A major discovery has been made in the field of nutrition and healthcare: the same foodstuffs affect different people in different ways, including the influence on their blood glucose levels.
To reach this conclusion, two researchers from the Weizmann Institute of Science, Eran Segal and Eran Elinav, gathered data from 800 people. During the second phase of the project, they incorporated this data into a machine learning algorithm, and found that it was able to predict the way sugar levels vary from one person to another after a given meal. This experiment is further proof that data science is not the stuff of fantasy but a very real innovation that is transforming the way researchers work.
YOU ARE WHAT YOU EAT? WELL, IT’S NOT QUITE THAT SIMPLE…
Do universal diets work? Not according to a report published by Eran Elinav and Eran Segal on 19 November 2015 in scientific journal Cell.
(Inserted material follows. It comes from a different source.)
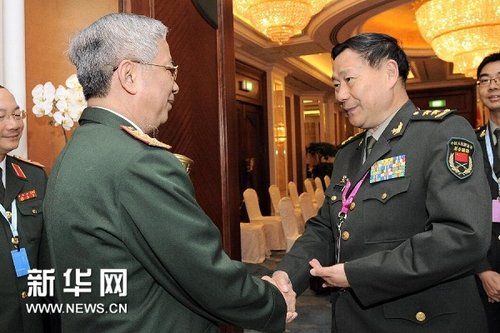 6月1日,中国人民解放军副总参谋长戚建国(右)在新加坡举行的香格里拉对话会期间会见越南国防部副部长阮志咏。

By monitoring the glucose levels of 800 people over a week using a mobile app and a blood glucose monitor which regularly reported their glycaemic responses, they were able to glean a wealth of information such as meal content, exercise and sleep times. They also took daily stool samples which enabled them to monitor their microbiome i.e. the microorganisms in their intestine.
Eran Segal’s conclusion was surprising:
” The huge differences that we found in the rise of blood sugar levels among different people who consumed identical meals highlights why personalized eating choices are more likely to help people stay healthy than universal dietary advice.”
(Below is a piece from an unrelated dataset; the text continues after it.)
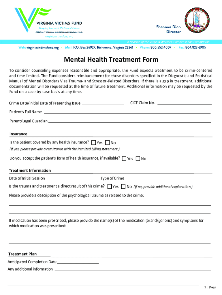 The Mental Health Treatment Form is a medical consent form used by healthcare providers to authorize and document mental health treatment related to crime-centered trauma in Virginia.

Blood glucose levels after the same meals do indeed vary from one person to another, due to the composition and function of their gut microbes or microbiome.
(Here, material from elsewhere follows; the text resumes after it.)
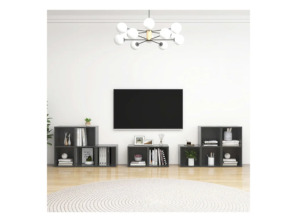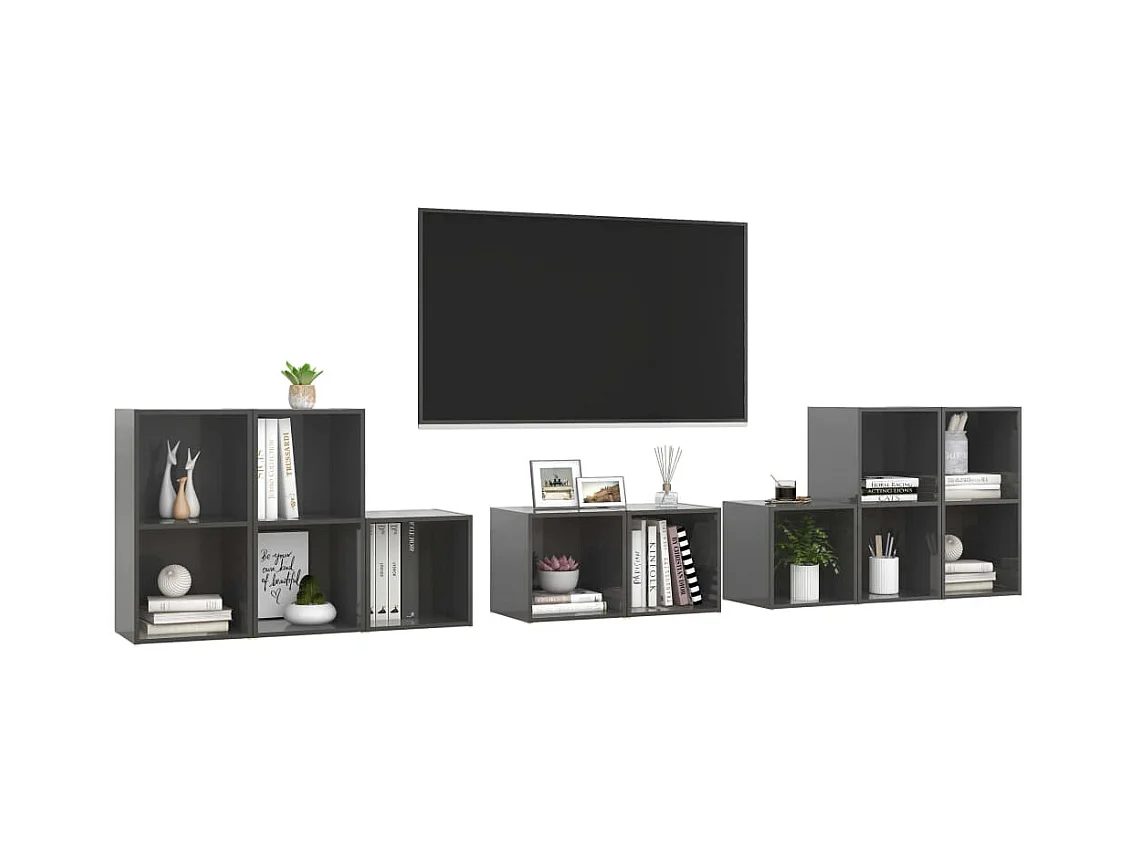 Wylie Ensemble de meubles TV 8 pcs Gris brillant Bois d'ingénierie

USING machine learning TO DEVISE PERSONALISED SOLUTIONS
So does this report mean the end of “one-size-fits-all” diets? The scientists have come up with a personalised approach to enable patients to monitor their glucose levels and thus help prevent and treat obesity and diabetes. Using the various data collected, they have developed an algorithm that can predict individualised responses to foods, based on the person’s diet, lifestyle, etc. Dr Elinav and Professor Segal then conducted follow-up study of another 100 volunteers to confirm the algorithm’s ability to predict changes in blood sugar levels as a response to different foods. The final stage of the study, involving around thirty volunteers, tested the scientists’ ability to use the algorithm to prescribe personal dietary recommendations for lowering blood-glucose-level responses to food. Half the volunteers followed the predictions of a nutritionist assisted by a team of researchers using a glucose monitor, whilst the others followed the algorithm’s predictions. The results showed significant reductions in blood glucose levels of all the volunteers, proving that the algorithm’s ability to predict based on the data provided.